30,000 road accidents occur in Karachi every year

KARACHI: Five fatal accidents occur every two days on roads in the city, according to statistics for the first four months of 2016 shared by DIG Traffic Dr Amir Shaikh with the media on Tuesday.

About the overall number of accidents during the past three years, the DIG said: “Very little improvement has occurred so far as 30,000 accidents were reported every year. This year, so far, has not proved to be much different.”

Fatalistic attitude of people about accidents along with reaching a compromise with perpetrators hushed up 90 per cent of the cases, he added.

Quoting fatal accidents on the Superhighway, he said overspeeding was one of the recurring problems that no one paid heed to “despite multiple warnings”.

Three major factors contributing to road accidents, according to DIG Shaikh, are unskilled drivers driving without a valid licence, overspeeding and overtaking without indication.

According to the data, around 60 per cent of drivers do not have a valid driving licence that remains a big problem in managing the city’s traffic and “reckless drivers”. At various traffic intersections in the city, 3,200 traffic policemen are deputed to regulate movement of 3.79 million vehicles whose number increases by 908 per day according to the report that quoted the vehicular data compiled by the excise and taxation department.

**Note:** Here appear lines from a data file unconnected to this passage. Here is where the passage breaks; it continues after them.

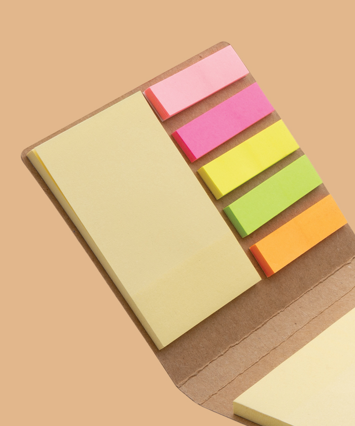 - Ensemble petit et pratique avec couverture en kraft (300 g/m²), un bloc de notes adhésives de 50 feuilles, 4 petits blocs de notes adhésives colorées et 1 bloc de notes adhésives moyennes de 30 feuilles chacun
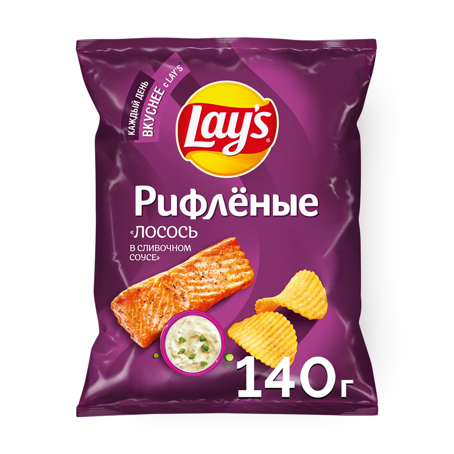 Рифлёные чипсы со вкусом лосося в сливочном соусе напоминают морепродукты. Их удобно взять с собой в качестве перекуса.
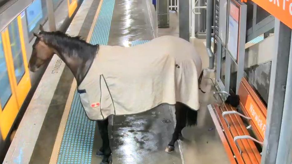 Na początku weekendu, koło północy czasu lokalnego, pasażerowie czekający na pociąg na stacji kolejowej Warwick Farm, zobaczyli coś niezwykłego. Na nagraniu z kamer monitoringu uchwycono moment, gdy koń wyścigowy wbiegł luzem na peron stacji.
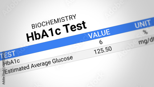 HbA1c Test Report. Blood Sugar Control, Biochemistry, Diabetes Monitoring, Average Glucose Levels, Health Assessment, Risk Evaluation, Clinical Diagnostic Reporting. HbA1c Test Report. 2D Illustration
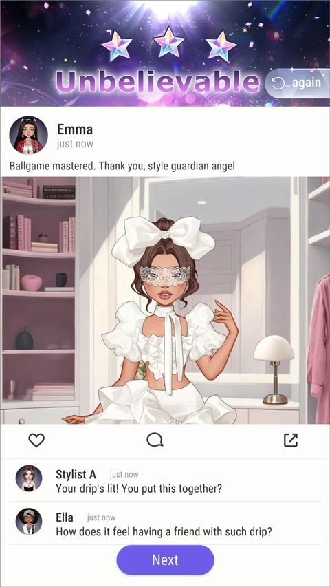 3、装扮完成后直接发布你的造型,就能收获如火焰般热烈的表情符号,感受满满的成就感。
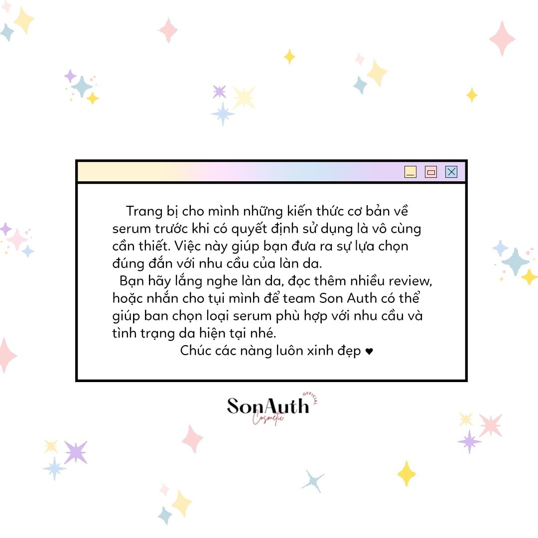 🥱Cùng nghía qua bài học hôm nay mà team SonAuth nói qua về các dòng serum. Và đừng ngại ngần inbox cho tụi mình để chọn dòng tinh chất vừa hợp nhu cầu da lại vừa hợp túi xiền nhé 😝 Xinh đẹp là không chờ “mèo lười” nè!
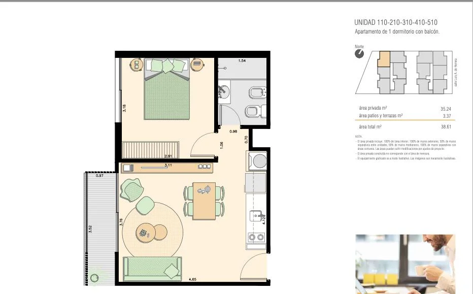 6 unidades disponibles de 1 dormitorio desde USD 124.000.
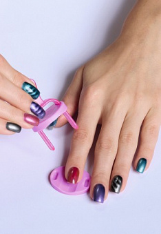 - Специальный пигмент в составе лаков реагирует на воздействие магнита и формирует узор на поверхности ногтя
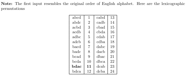 k的值將在(1 ≤ k ≤ n!)範圍內。
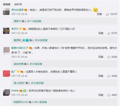 5月9日,一张武警战士在北京地铁站笔直站姿排队的照片在舆论场上传开,随后有声音质疑其为摆拍,引起社会关注。11日,当事方武警某支队回应称“我们一直都是这样做的”“当时站的已经很随意了”,网民纷纷表达理解与赞赏,斥责“键盘侠”为“键盘瞎”。

On an average, every traffic policeman has to manage traffic of 1,031 vehicles on city roads. Of these vehicles, motorcycles make up to around 54.87 per cent traffic on roads, followed by cars (32.6 per cent), rickshaws (5.5 per cent) and the remaining traffic.

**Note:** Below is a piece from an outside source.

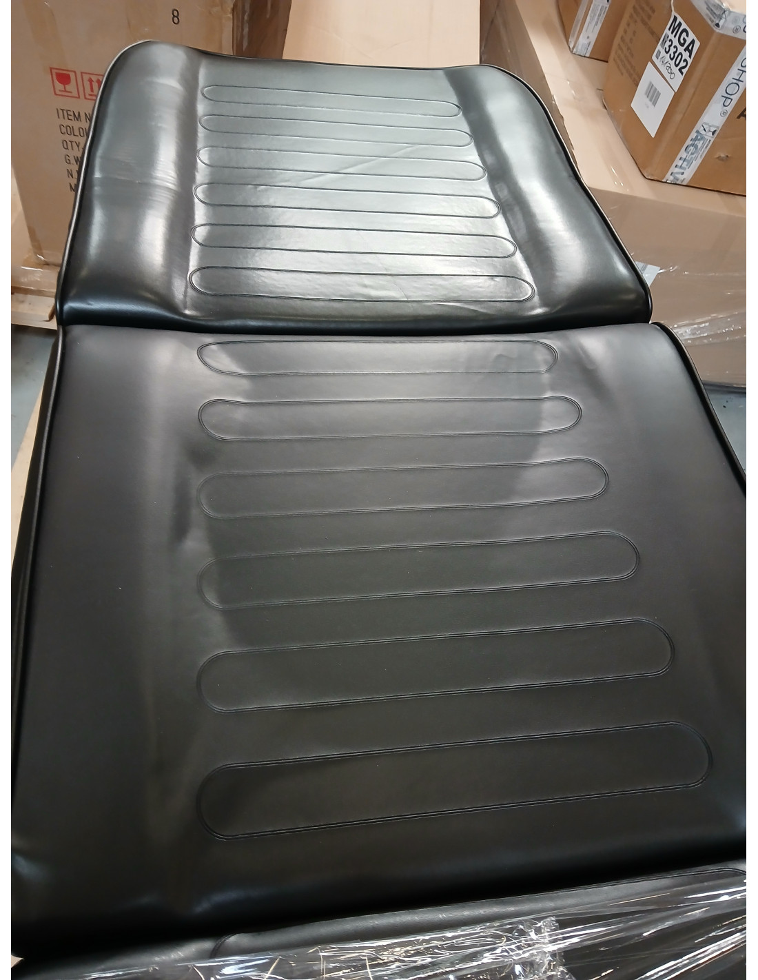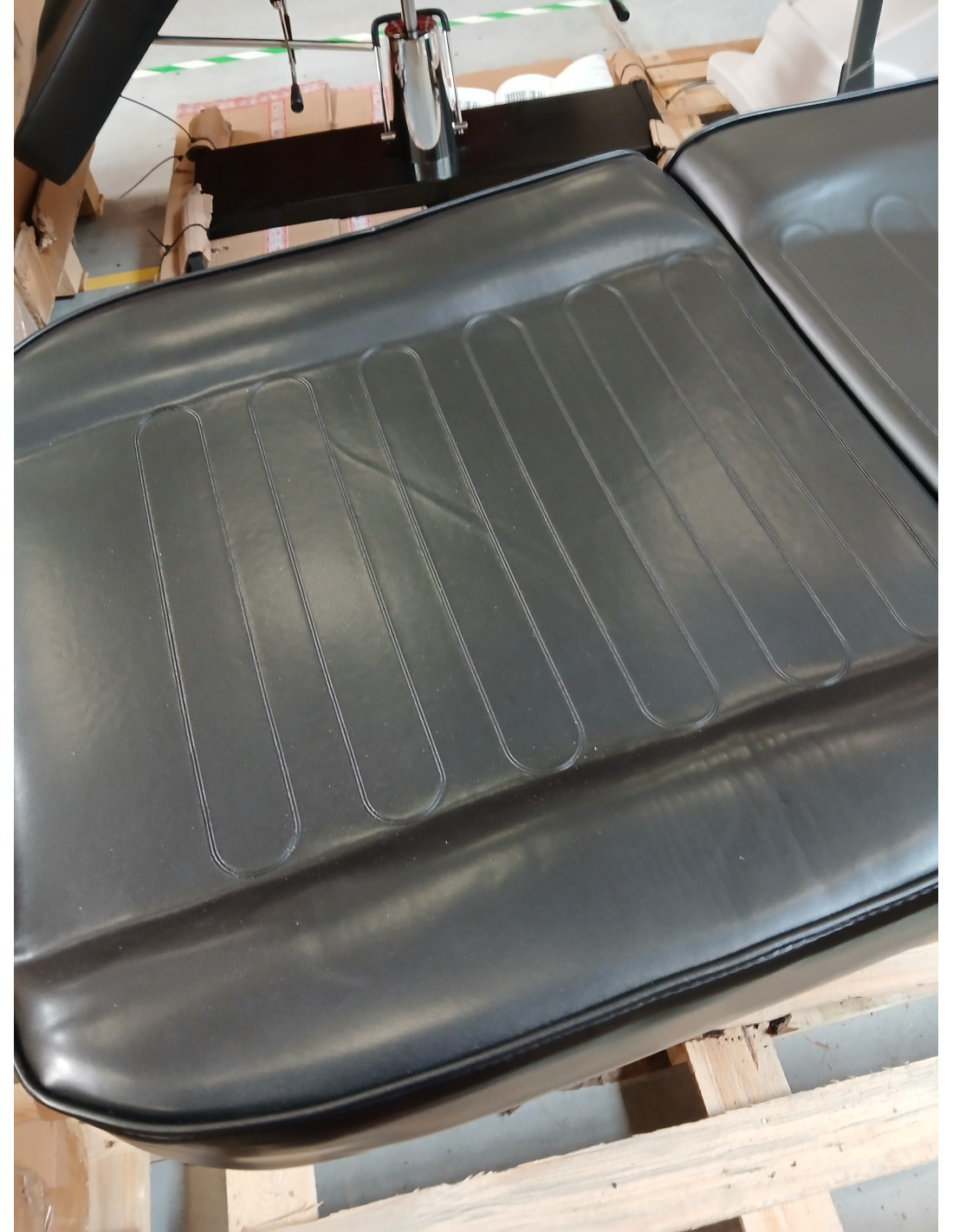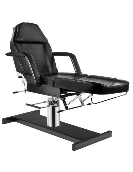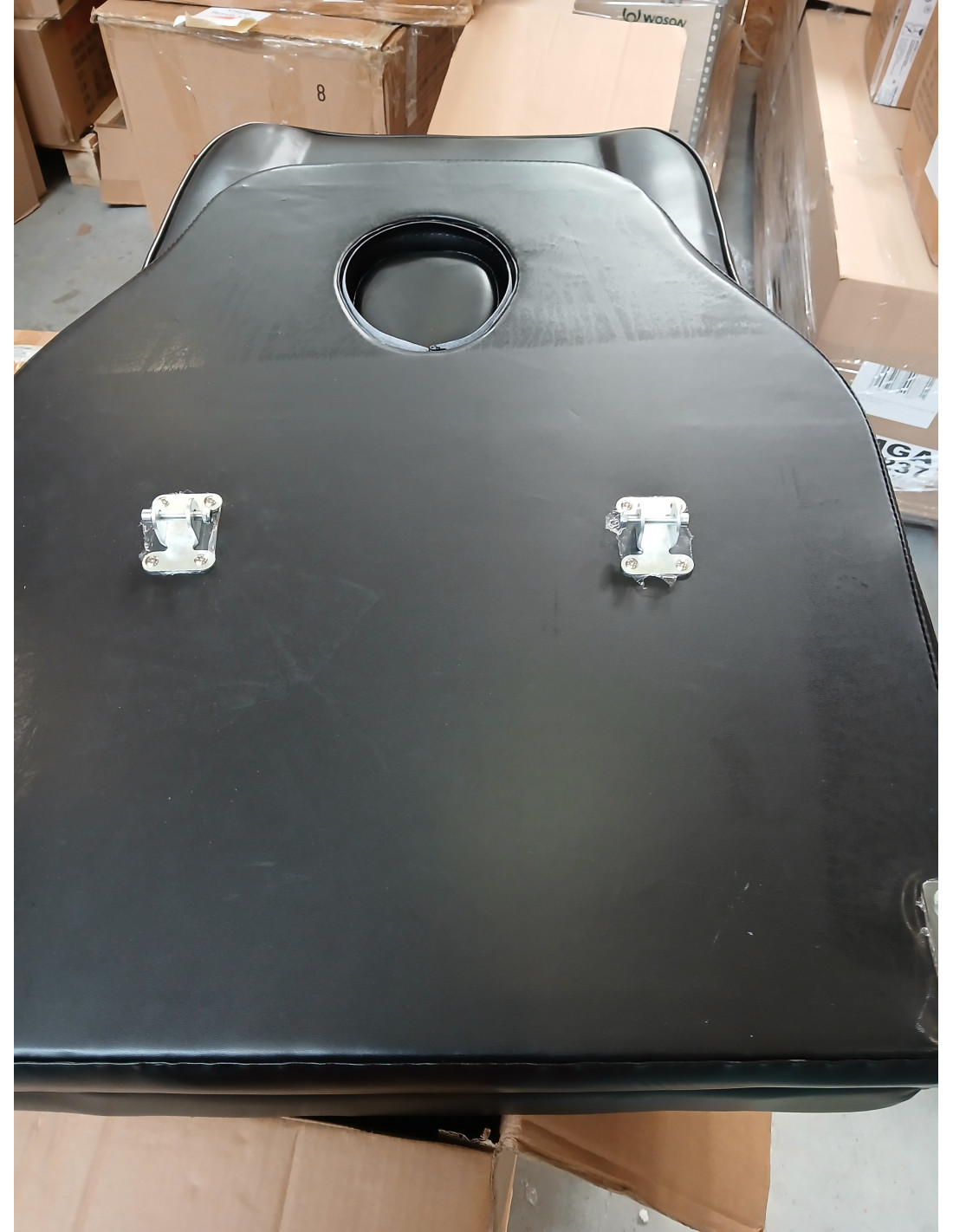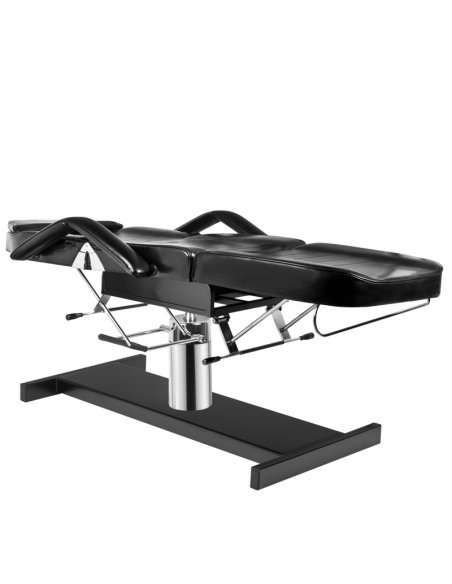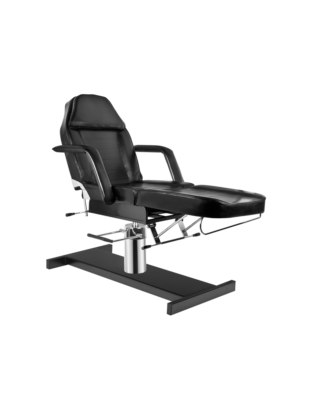 z otworem w zagłówku, doskonale sprawdza się w kosmetyce, wizażu i masażu. Posiada wyjmowane podłokietniki i zaślepkę w zagłówku. Poszycie fotela łatwo zmywalne, wykonane z eko-skóry, spełniające rygorystyczne wymogi UE, estetyczne, niklowane elementy metalowe. Pod fotelem zamontowany jest pałąk na prześcieradło jednorazowe, serwety lub ręcznik.

The Superhighway, the National Highway, Korangi Industrial Area, main Korangi Road, Sharea Faisal and Mauripur Road are identified as the “black spots” where most of the accidents occurred in the past four months. “Drivers are at fault in majority of these cases,” DIG Shaikh added.

At the same time, 40 per cent of the 1,200 patients received at the emergency ward of the Jinnah Postgraduate Medical Centre got injured in traffic accidents, according to the head of emergency department, Dr Seemin Jamali. “People come with head and leg injuries especially if it’s a motorbike accident,” she said. Besides, she added, they included jaywalkers and motorists who overspeed on roads.